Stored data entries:
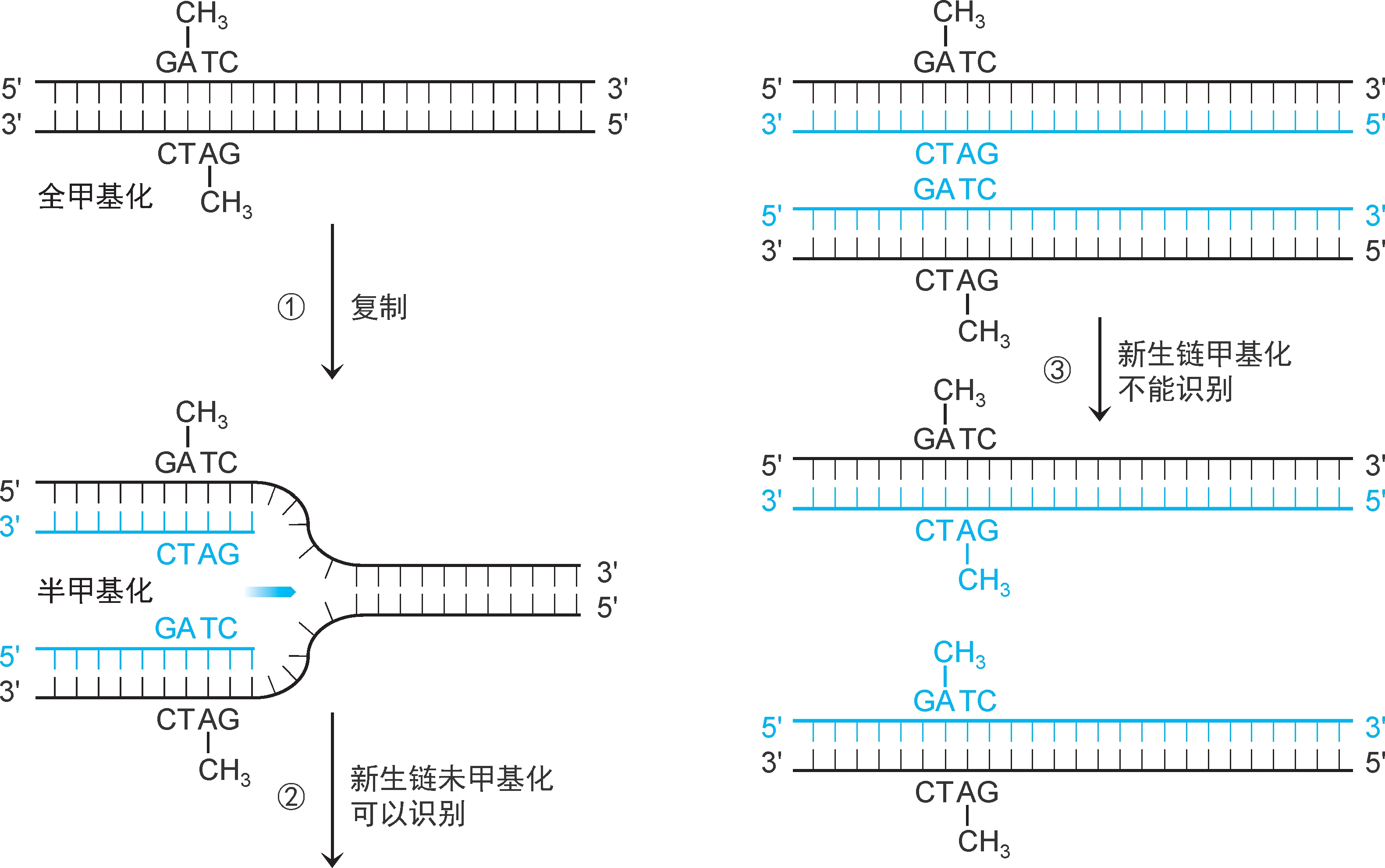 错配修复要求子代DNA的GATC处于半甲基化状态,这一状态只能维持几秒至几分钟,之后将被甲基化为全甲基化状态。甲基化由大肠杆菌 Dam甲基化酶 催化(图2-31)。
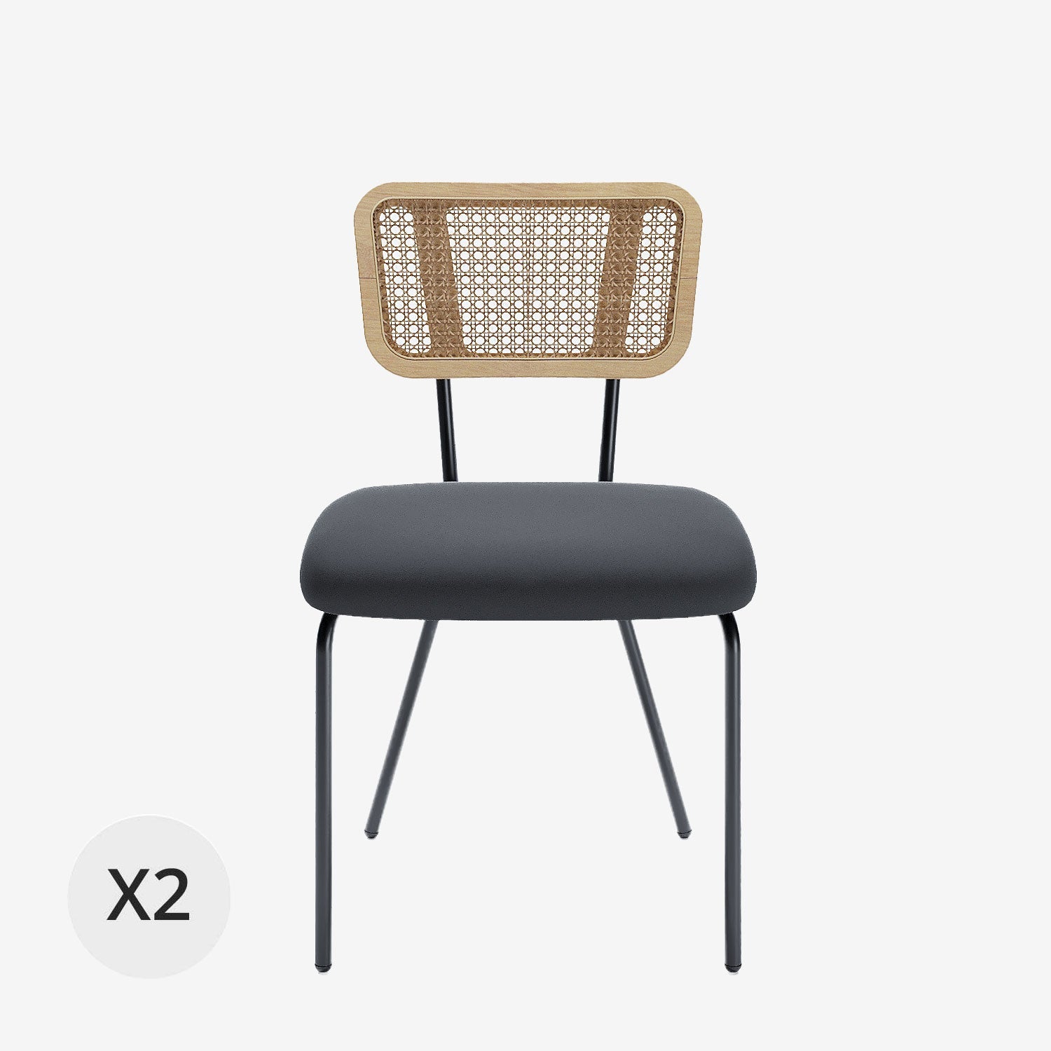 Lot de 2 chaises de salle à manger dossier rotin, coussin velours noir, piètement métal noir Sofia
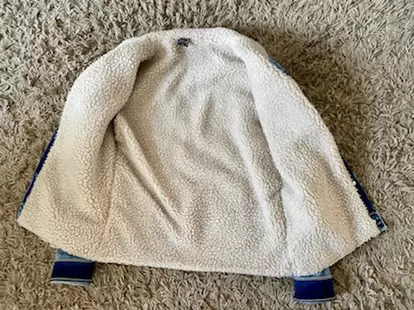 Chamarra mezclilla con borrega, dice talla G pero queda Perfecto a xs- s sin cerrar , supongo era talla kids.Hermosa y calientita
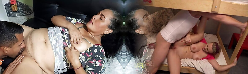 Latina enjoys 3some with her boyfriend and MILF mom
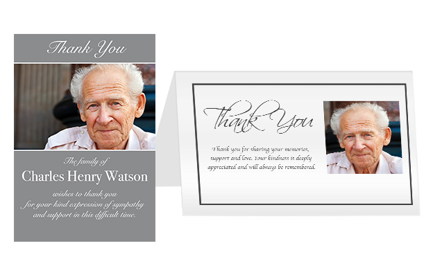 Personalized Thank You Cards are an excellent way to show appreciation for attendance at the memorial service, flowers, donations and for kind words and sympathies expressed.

= Work item =
Starting at the line that contains "Latina enjoys 3some", reproduce every line through the last one in the records exactly, and omit all pictures.

= Solution for this problem =
 Latina enjoys 3some with her boyfriend and MILF mom
 Personalized Thank You Cards are an excellent way to show appreciation for attendance at the memorial service, flowers, donations and for kind words and sympathies expressed.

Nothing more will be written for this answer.